Luego saqué el BMW del garaje subterráneo, me dirigí a la guardería a recoger a mi hija mayor. Aquel día había habido alguna celebración y la niña salió poco antes de las cuatro. Delante de la guardería había aparcados, como de costumbre, coches lujosos bruñidos con esmero. Saabs, Alfa Romeos, Jaguars. Jóvenes madres envueltas en costosos abrigos se apeaban, recogían a sus hijos, volvían a subir al coche y regresaban a sus casas. Mi hija era la única niña a quien había ido a buscarla su padre. Cuando la localicé, la llamé por su nombre y agité la mano. Ella, al verme, me saludó con la manita y vino hacia mí. Pero antes de llegar a mi altura, descubrió a una niña sentada en el asiento de al lado del conductor de un Mercedes 260E de color azul y corrió hacia ella gritándole algo. La otra niña, que llevaba un gorro de lana de color rojo, sacó la cabeza por la ventanilla del coche parado. Su madre vestía un abrigo también rojo de cachemir y unas grandes gafas de sol le cubrían los ojos. Me acerqué y, cuando cogí a mi hija de la mano, la mujer se volvió hacia mí y me sonrió. Le devolví la sonrisa. El abrigo rojo y las gafas de sol me recordaron a Shimamoto el día que la seguí desde Shibuya hasta Aoyama.

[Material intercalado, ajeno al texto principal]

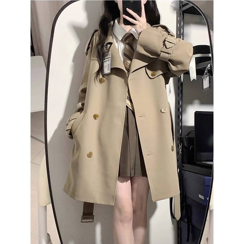 Gabardina Informal de Estilo Británico para Mujer, Primavera/Otoño 2024, Estilo Simple de Alta Gama, Holgada, Largo Medio
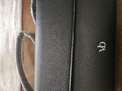 "VB" in embossed in silver on the front of the bag. This information is not pictured nor in the description. Huge turnoff for me as I was looking for solid black. I'm so disappointed because I was looking forward to this bag.
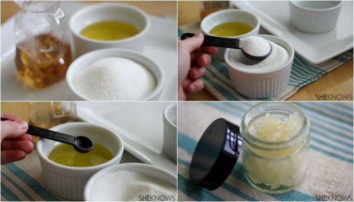 นำส่วนผสมทั้ง 3 มาผสมเข้าด้วยกัน และทาลงฝีปากจากนั้นเลือกใช้แปรงสีฟันนุ่มๆ ค่อยๆขัดวนๆ บริเวณริมฝีปากของเรา (ขัดเบาๆ นะคะ) หากไม่มีให้ใช้นิ้วมือเราแทนได้ค่ะ จากนั้นให้ล้างออกด้วยน้ำอุ่น และทาลิปมันตามทันที แค่นั้นริมฝีปากก็จะนุ่มขึ้นแล้วล่ะค่ะ

—Buenas tardes —la saludé.

—Buenas tardes —dijo ella.

Era hermosa. No aparentaba tener más de veinticinco años. Por el estéreo del coche sonaba Burning Down the House de Talking Heads. En el asiento posterior había unas bolsas de papel de Kinokuniya. Tenía una sonrisa maravillosa. Mi hija le cuchicheó algo a su amiga al oído y le dijo: «¡Adiós!». Su amiga le contestó: «¡Adiós!». Luego, apretó el botón y subió el cristal de la ventanilla. Conduje de la mano a mi hija hasta el lugar donde había dejado el BMW.

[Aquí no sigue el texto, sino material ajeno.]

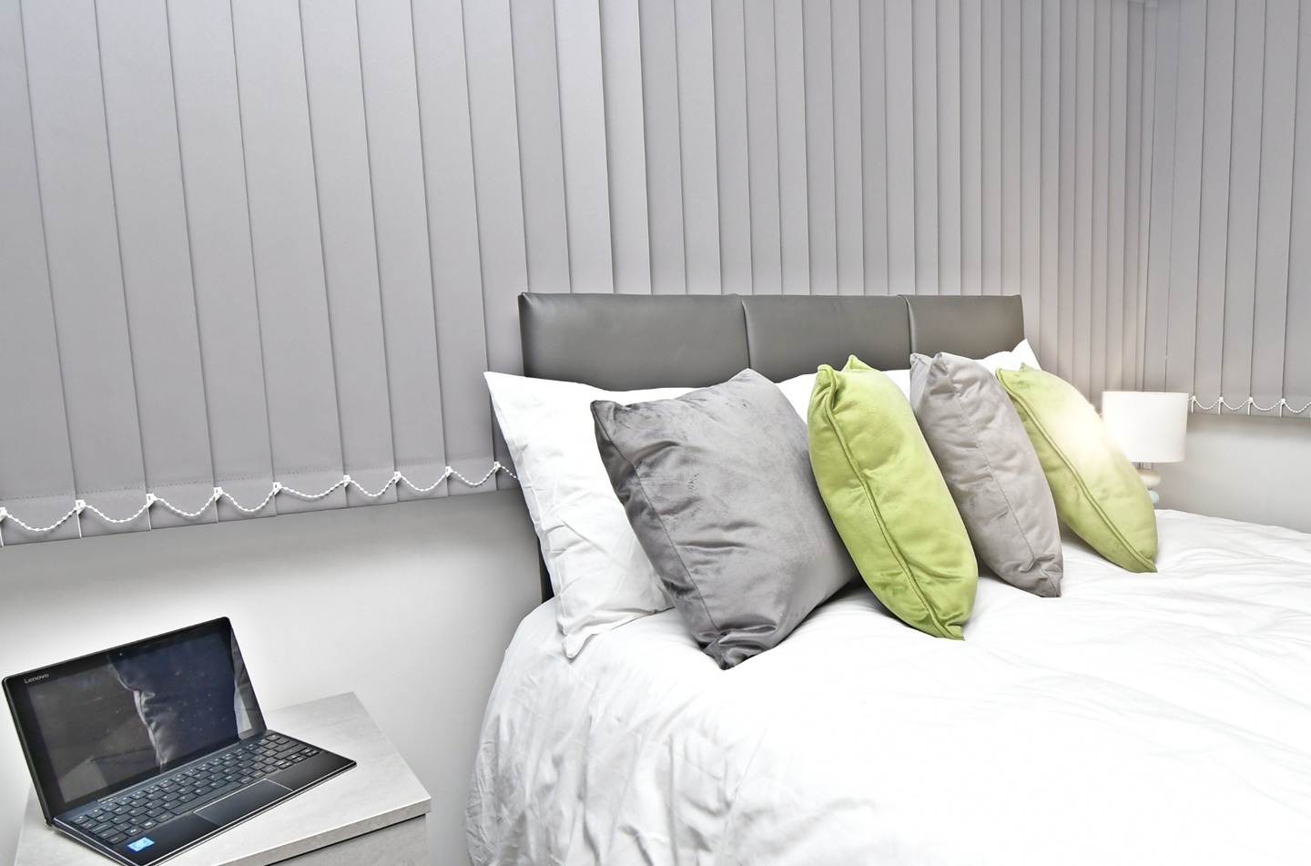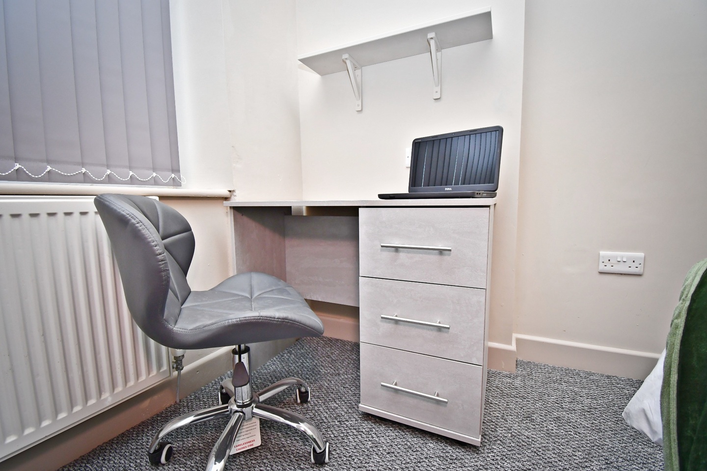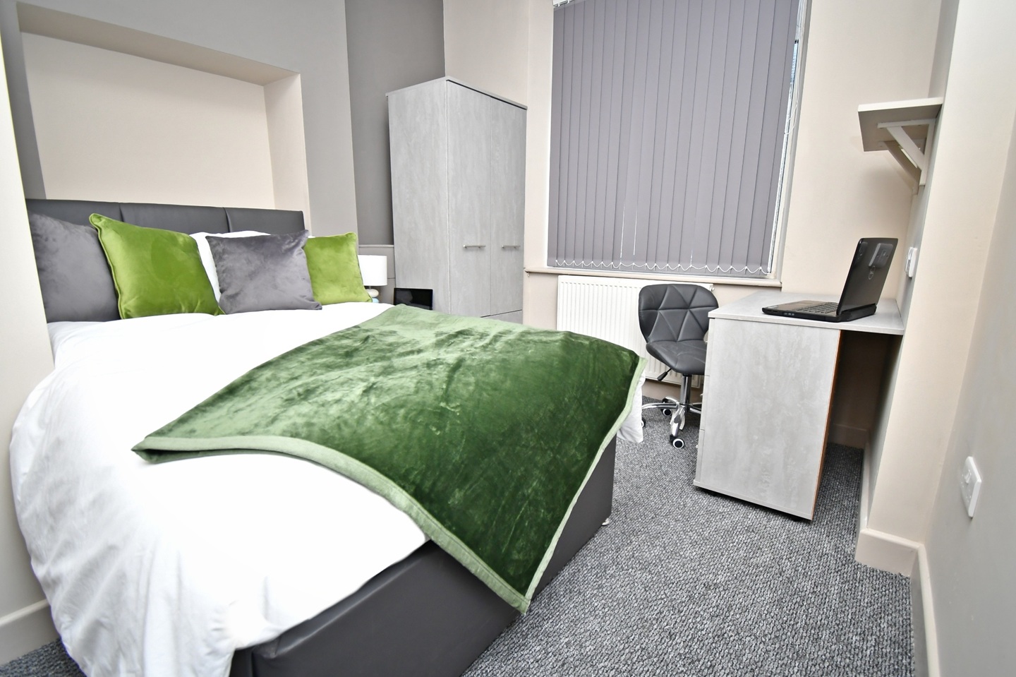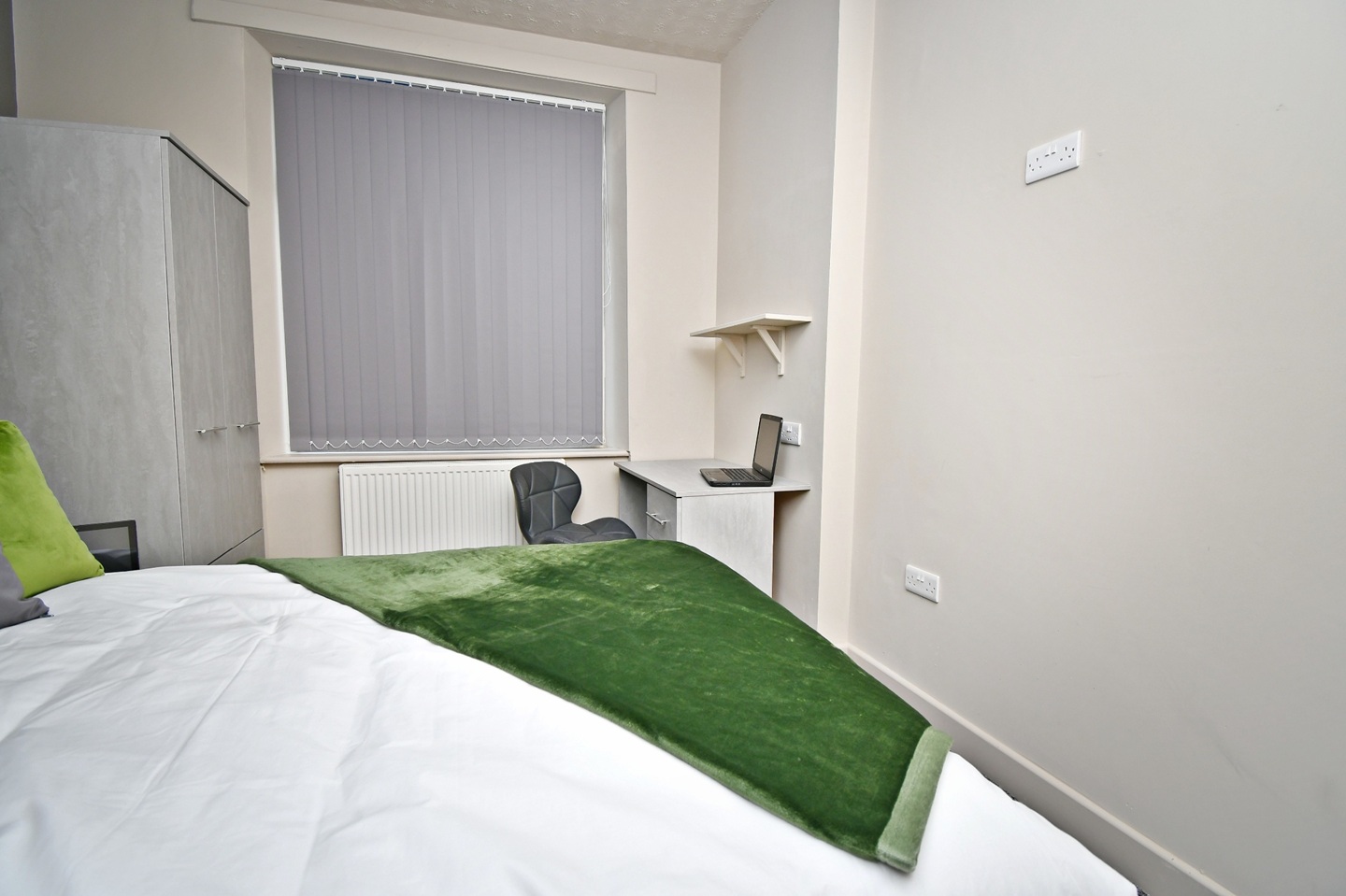A bright, modern space with a double bed, wardrobe, desk, and bedside table - ready to move straight in.

—¿Cómo ha ido el día? ¿Ha pasado algo divertido? —le pregunté.

Negó con un enérgico movimiento de cabeza.

—No ha pasado nada divertido. ¡Ha sido horrible! —dijo.

—¡Vaya! Veo que hoy no ha sido un buen día para ninguno de los dos. —Me incliné y la besé en la frente. Recibió el beso con la misma expresión con que un gerente cursi de un restaurante de cocina francesa toma una tarjeta de American Express—. Pero mañana irá mejor. Seguro.

Así quería creerlo yo. Quería creer que cuando, a la mañana siguiente, abriera los ojos, el mundo habría tomado una consistencia más liviana, todas las cosas serían, sin duda, más fáciles. Pero no era probable que sucediera. A la mañana siguiente, la situación no podía sino complicarse más aún. Porque yo estaba enamorado. Y ya tenía una esposa. Y dos hijas.

—Oye, papá —dijo—. Quiero montar a caballo. ¿Cuándo me comprarás uno?

—Ah, pues, algún día.

—¿Algún día cuándo es?

—Cuando ahorre dinero. Entonces te lo compraré.

—¿Tú también tienes una hucha?

—Sí, una hucha muy grande. Tan grande como este coche. Y cuando la llenemos de dinero, entonces podré comprarte el caballo.

—¿Y si se lo pido al abuelito? ¿Crees que me lo comprará? El abuelito es rico.

—Sí —dije—. El abuelito tiene una hucha tan grande como aquel edificio. Una hucha llena de dinero. Pero es tan grande que cuesta mucho sacar dinero de dentro.

Mi hija estuvo pensándoselo un rato.

—Pero ¿crees que se lo puedo pedir? ¿Le puedo pedir que me compre un caballo?

—Pídeselo. Quizá te lo compre.

Hablamos del caballo hasta que llegamos al garaje de casa. De qué color lo quería. Qué nombre le pondría. Adónde iría montada en él. Dónde lo dejaría a dormir. La acompañé hasta el ascensor y después me dirigí al bar. «¿Qué diablos pasará mañana?», pensé. Con ambas manos sobre el volante, cerré los ojos. No tenía la sensación de estar dentro de mi propio cuerpo. Sentía que mi cuerpo era un recipiente transitorio que me habían prestado de forma provisional. «¿Qué diablos pasará mañana conmigo?». Quería comprarle un caballo a mi hija lo antes posible, antes de que desaparecieran muchas cosas, antes de que se estropeara todo.